Brian Livingston Imagine that your office building was on fire, and you called the fire department, only to be told, "Please wait there while we invent a new method to fight the kind of fire you have."

You'd be furious! You'd expect the firefighters to rush to your building immediately, ready to fight whatever kind of fire they found.

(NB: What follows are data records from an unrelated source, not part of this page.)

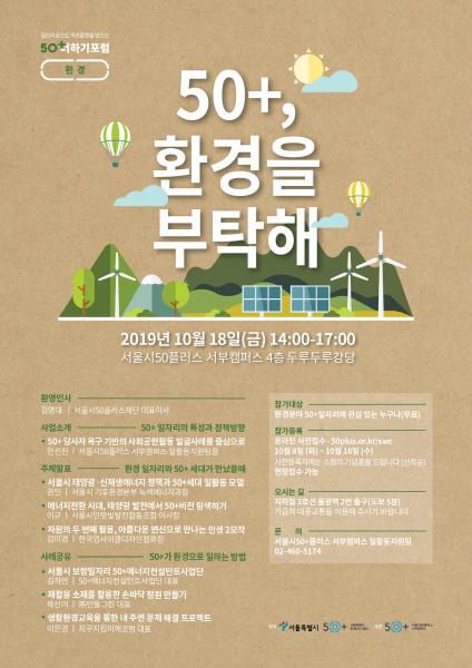 서울시50플러스재단은 환경 분야에서 50+세대의 새로운 일·활동 모델과 연계 가능성을 모색하기 위해 오는 18일 ‘50더하기포럼:50+, 환경을 부탁해’를 개최한다.
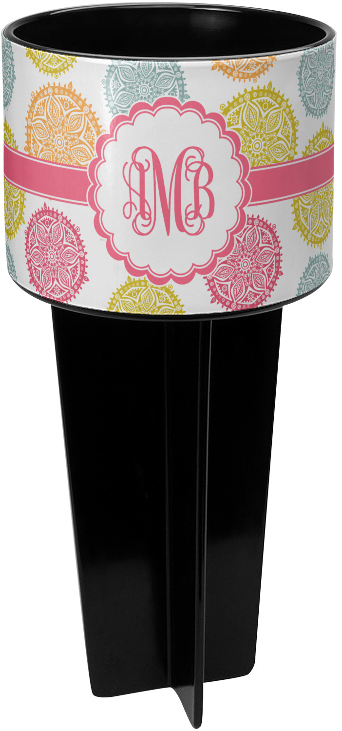 This cup holder has a large stake at its bottom that anchors it to the sand or ground below, while the cup holder rests above the stake. The entire drink holder is made of durable plastic and displays your customization around the cup holder portion. We sell these personalized beach spikers in two different colors: black and white.
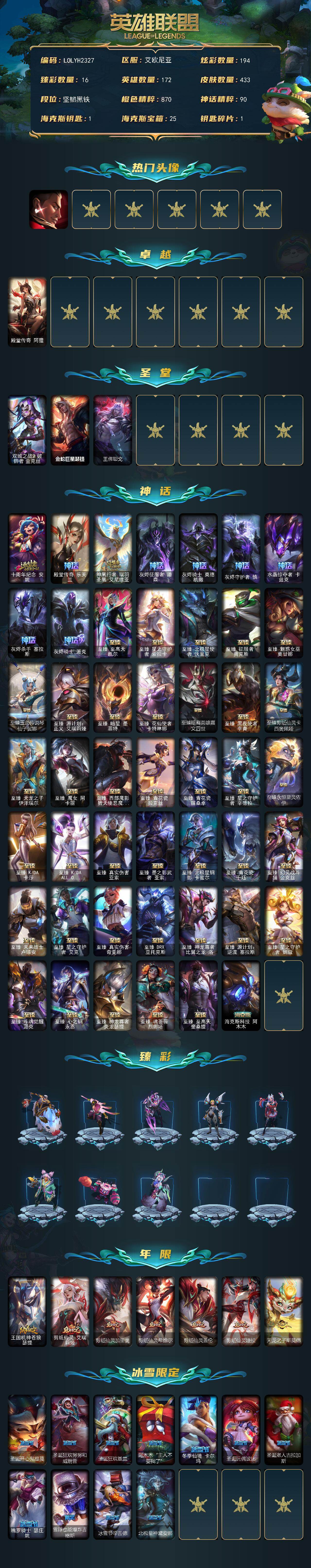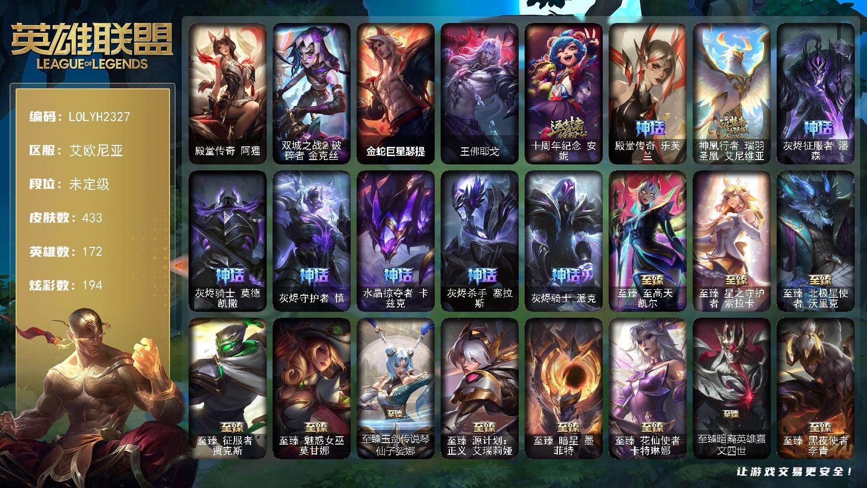 【697852】【LOLYH2327】172英雄/433皮肤/2终极/48神话/67限定/16臻彩/194炫彩/45传说/57史诗/未定级/觅心游侠卢锡安/殿堂传奇阿狸/双城之战2破碎者金克丝/金蛇巨星瑟提/王佛耶戈/十周年纪念安妮/殿堂传奇乐芙兰/神凰行者瑞羽凤凰艾尼维亚/灰烬征服者潘森/灰烬骑士莫德凯撒/灰烬守护者慎/水晶掠夺者卡兹克/灰烬杀手塞拉斯/灰烬骑士派克/至臻至高天凯尔/至臻星之守
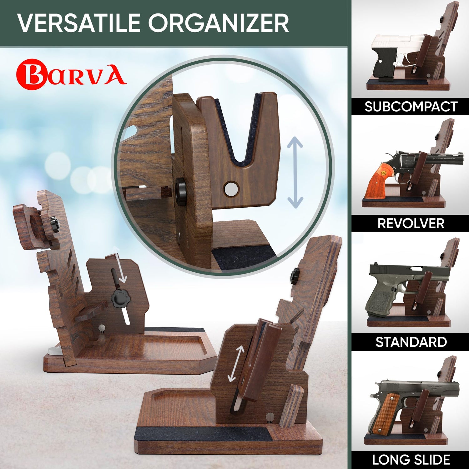 BarvA Phone Docking Station with Patented Adaptive Wood Gun Rack | Night Stand Smart Watch & Phone Stand | Charging Station Desk Organizer | Gun Accessories Storage and Organization
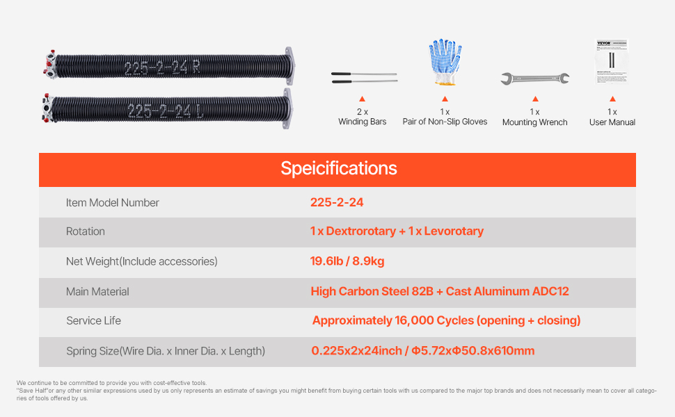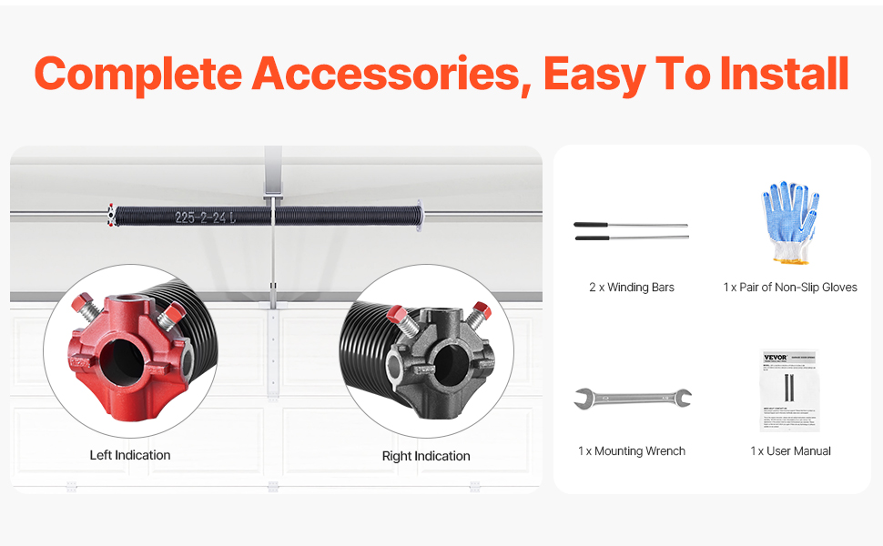 Pakkaukseen sisältyvät liukumattomat kiristyssauvat, suojakäsineet ja asennusavain helpottavat käyttöönottoa. Huomioi kuitenkin, että jousien asennus ja säätö voi olla vaarallista. Asennus ja säätö on suositeltavaa teettää ammattilaisella sekä noudattaa huolellisesti mukana tulevia ohjeita.

Unfortunately, anti-virus services are forced into a scenario that no firefighter would accept: "We have to invent new defenses every day." Anti-virus software can predict and prevent some never-before-seen viruses. But all too often, a new virus can spread unchecked while software vendors develop and distribute a new "signature" file that can match the virus and kill it.

The Time Lag Between Discovery and Disinfection

Just how long is the period between a new virus getting "into the wild" and an effective antidote getting into your company's anti-virus arsenal?

To answer that question, I turned to, a group of researchers which has studied anti-virus technology for years.

AV-Test is not as well-known in the United States as it should be, possibly because the group is located in Germany at the Otto von Guericke University Magdeburg. Many of the organization's articles have been published in German computer magazines that have no English editions — but I hope that'll change.

I interviewed by telephone Andreas Marx, manager of AV-Test, to get his view of anti-virus response times. He provided me with test results showing how long it took 23 major anti-virus programs worldwide to come up with new signature files during the past several weeks.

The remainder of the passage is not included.